Но даже если допустить, что здесь нет ошибки, Грин и тогда останется интересным собеседником. Этому писателю о человеческой природе известно множество вещей, причем не только романтических, демонических, возвышенных и пр. Давно замечено, что в описании душевных состояний своих персонажей он достигает такой медицинской достоверности, как если бы был ученым психиатром, причем современным, а не начала прошлого века.

«Объем знаний Грина в этой области, точность изображения сложных психических процессов вызывают сегодня удивление специалистов, — подчеркивает литературовед В. Ковский в статье „Возвращение к Александру Грину“ („Вопросы литературы“, 1981, № 10). И вспоминает слова известного психофизиолога профессора Р.Лурия, который утверждал, что „никто из писателей не сумел так блестяще описать функции головного мозга“, создать такую „поразительно точную и расчлененную картину деятельности нейронов“ его коры, как А.Грин».

Такое признание в устах ученого дорогого стоит. И стало быть, все, о чем повествует Грин, кровно касается нас с вами независимо от того, одарены ли мы бессмертной душой и поэтическими стремлениями. Ведь не признать себя обладателями головного мозга было бы странно. А если без шуток, редкое и драгоценное именно для вас, читатель, свойство Грина состоит в том, что его проза, такая легкая и увлекательная, вместе с тем подводит к слож- ным сущностям и загадкам бытия.

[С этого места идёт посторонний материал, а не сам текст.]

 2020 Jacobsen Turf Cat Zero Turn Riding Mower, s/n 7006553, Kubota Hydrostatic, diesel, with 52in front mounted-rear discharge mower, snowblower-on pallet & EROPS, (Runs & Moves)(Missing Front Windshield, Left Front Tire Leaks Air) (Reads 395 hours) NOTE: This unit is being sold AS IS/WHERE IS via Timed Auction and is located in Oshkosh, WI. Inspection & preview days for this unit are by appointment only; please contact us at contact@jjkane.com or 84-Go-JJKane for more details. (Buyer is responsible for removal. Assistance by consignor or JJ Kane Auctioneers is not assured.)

Вполне ли сознает это подросток? Скорее — нет. Чувствует ли он это? Несомненно, да. Но чувство, что понимаешь не все, в этом случае не побуждает к мозговому напряжению, которое было бы тщетным. Так сказочный герой, попав в пещеру, полную сокровищ, сразу смекает, что всего не унести. Значит, что поднимет — в мешок, что не по силам — останется в памяти, в глазах, видевших волшебные переливающиеся груды.

Этот блеск долговечен. Через много лет, открывая Грина, находишь ту же колдовскую игру фантазии, мысли, страсти, света и тени. А ведь столько книжек, встарь любимых, успели потускнеть, и уж не отыщешь золотых ключиков, которыми когда-то отпирались двери в их цветной мирок. Впрочем, сравнение некорректно. В ту пору Грин был для меня не просто одним из любимых авторов. Встреча с его книгами стала событием чрезвычайным — тем, что сам писатель назвал бы «нужным словом в беседе души с жизнью, без которого трудно понять себя».

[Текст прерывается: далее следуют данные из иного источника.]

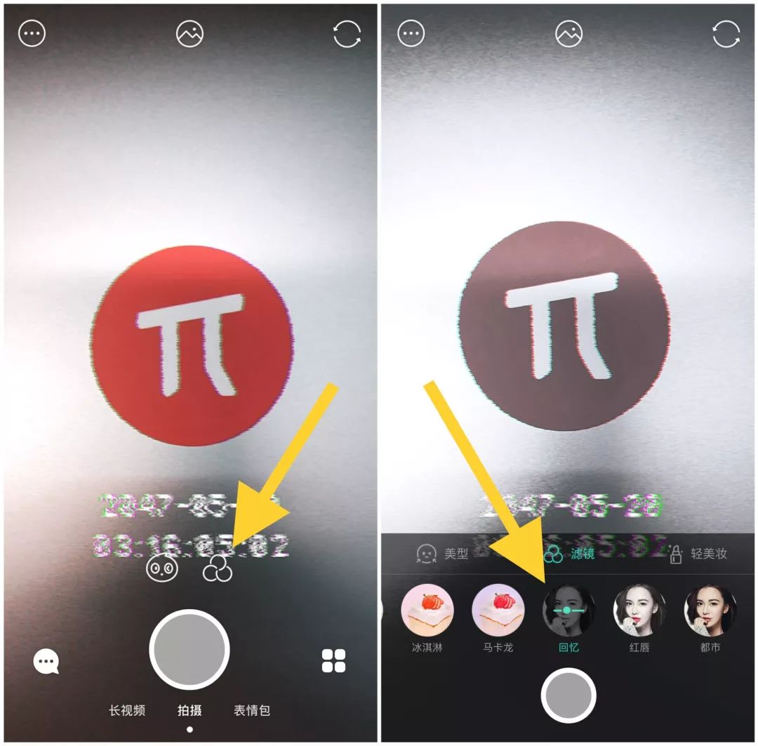 而这个特效本身是不带黑白效果的,所以我们还需要在「滤镜」中切换成「回忆」滤镜,这样就大功告成了。

… Дом стоял на отшибе. И не дом это был, а низенький, на скорую руку утепленный сарай. При всей бедности подмосковного поселка пятидесятых годов в таких халупах не жил никто, кроме нас — людей пришлых и, по общему мнению, чудаковатых. Зато вокруг благодать — поле, редкие сосны, овраги. После скучных классов и пыльных коридоров школы, после тесных улочек, где за каждым углом могли поджидать мальчишки (Сколько на этот раз? Бежать или драться?) этому клочку простора не было цены. Там, в поселке, оставались педагоги с их назойливыми поучениями, мимолетная приязнь и непредсказуемая агрессивность сверстников, тетрадки и учебники, утренники и линейки. А здесь все было моим — трава, деревья и книги, с которыми тоже хорошо было удирать в поле…

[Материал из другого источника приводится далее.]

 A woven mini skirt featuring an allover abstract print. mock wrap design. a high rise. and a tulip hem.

И все-таки, если смотреть с поля, поселок казался уютным. Особенно на закате, когда стволы сосен и стекла в окнах домов нежно золотились, а вдали на фоне краснеющего неба с благородной четкостью рисовался силуэт старой башни. Она давно меня занимала, и однажды наперекор привычке самостоятельно находить объяснения загадочным явлениям я спросила бабушку:

— Что это?

— Бывший монастырь, — ответила она неохотно. — Теперь там, говорят, тюрьма. Политическая.

— Какая?

— Ну, в ней сидят не воры и бандиты, а приличные люди. Они хотели, чтобы у страны было другое правительство, думали, так будет лучше. Вот их и посадили туда, чтоб не мешали.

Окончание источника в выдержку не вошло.